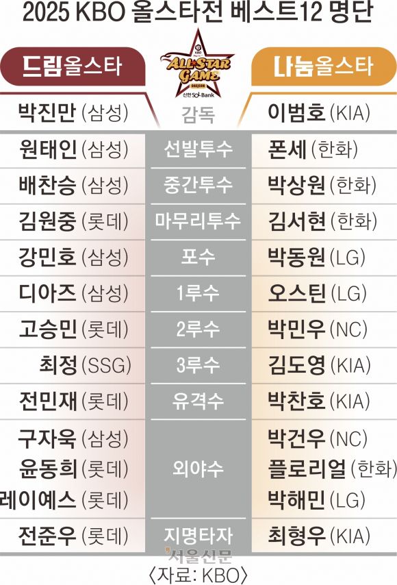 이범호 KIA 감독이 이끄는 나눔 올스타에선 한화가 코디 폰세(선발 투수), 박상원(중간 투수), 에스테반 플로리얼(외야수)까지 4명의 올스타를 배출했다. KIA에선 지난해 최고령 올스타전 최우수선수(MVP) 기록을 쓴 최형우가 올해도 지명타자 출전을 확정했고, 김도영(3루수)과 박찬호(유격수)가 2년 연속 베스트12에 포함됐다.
• • • •
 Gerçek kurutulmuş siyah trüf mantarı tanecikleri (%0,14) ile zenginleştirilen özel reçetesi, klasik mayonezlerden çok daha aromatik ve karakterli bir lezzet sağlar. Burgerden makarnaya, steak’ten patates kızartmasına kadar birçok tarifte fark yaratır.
• • • •
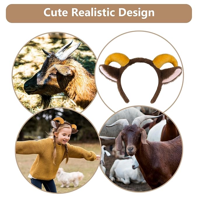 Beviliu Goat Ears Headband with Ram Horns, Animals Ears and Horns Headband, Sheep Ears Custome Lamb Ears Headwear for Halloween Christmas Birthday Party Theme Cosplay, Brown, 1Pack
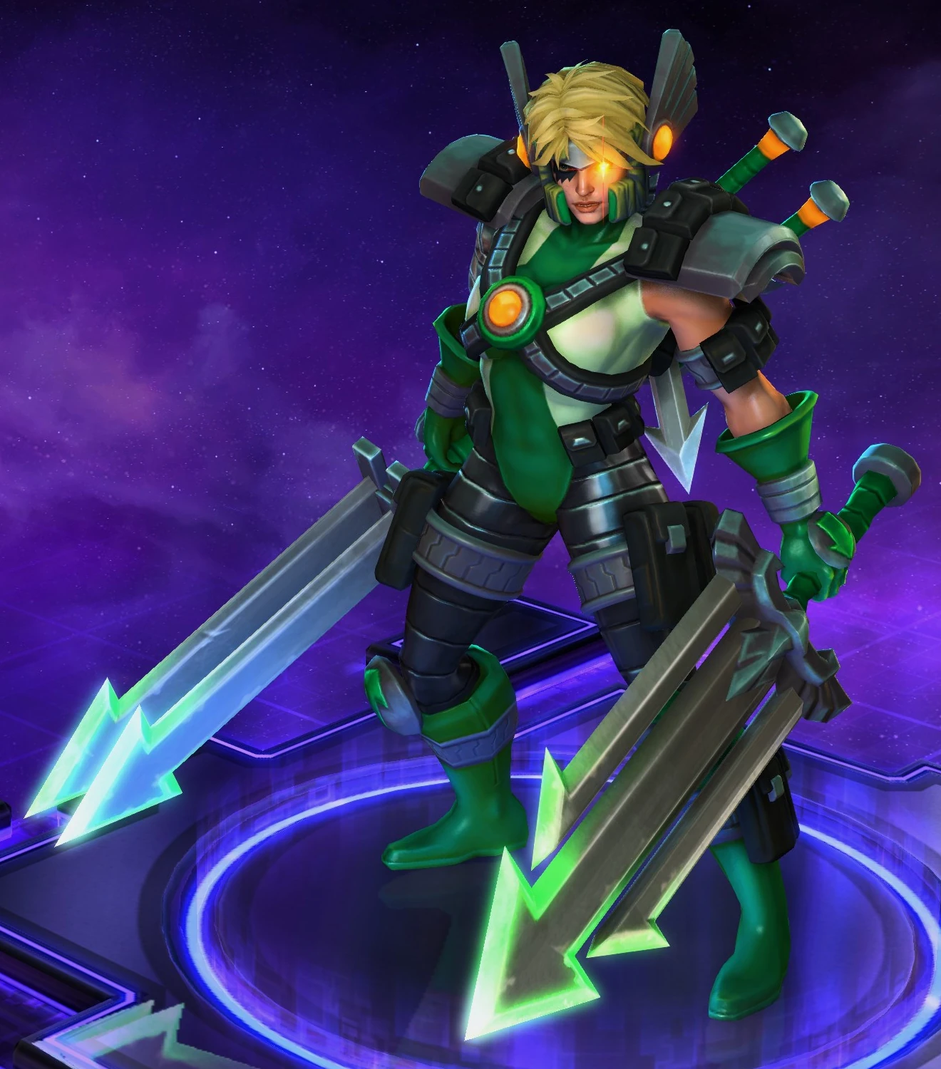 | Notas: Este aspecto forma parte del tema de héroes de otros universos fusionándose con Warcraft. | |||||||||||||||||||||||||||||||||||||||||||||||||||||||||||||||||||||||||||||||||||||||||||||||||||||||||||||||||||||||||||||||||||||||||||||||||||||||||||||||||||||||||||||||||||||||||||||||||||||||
• • • •
Transcribe, word for word, the stretch of lines in the data above from the one with "Beviliu Goat Ears" through the one with "Notas: Este aspecto"; omit all pictures.

* **PROBLEM SOLUTION**:
 Beviliu Goat Ears Headband with Ram Horns, Animals Ears and Horns Headband, Sheep Ears Custome Lamb Ears Headwear for Halloween Christmas Birthday Party Theme Cosplay, Brown, 1Pack
 | Notas: Este aspecto forma parte del tema de héroes de otros universos fusionándose con Warcraft. | |||||||||||||||||||||||||||||||||||||||||||||||||||||||||||||||||||||||||||||||||||||||||||||||||||||||||||||||||||||||||||||||||||||||||||||||||||||||||||||||||||||||||||||||||||||||||||||||||||||||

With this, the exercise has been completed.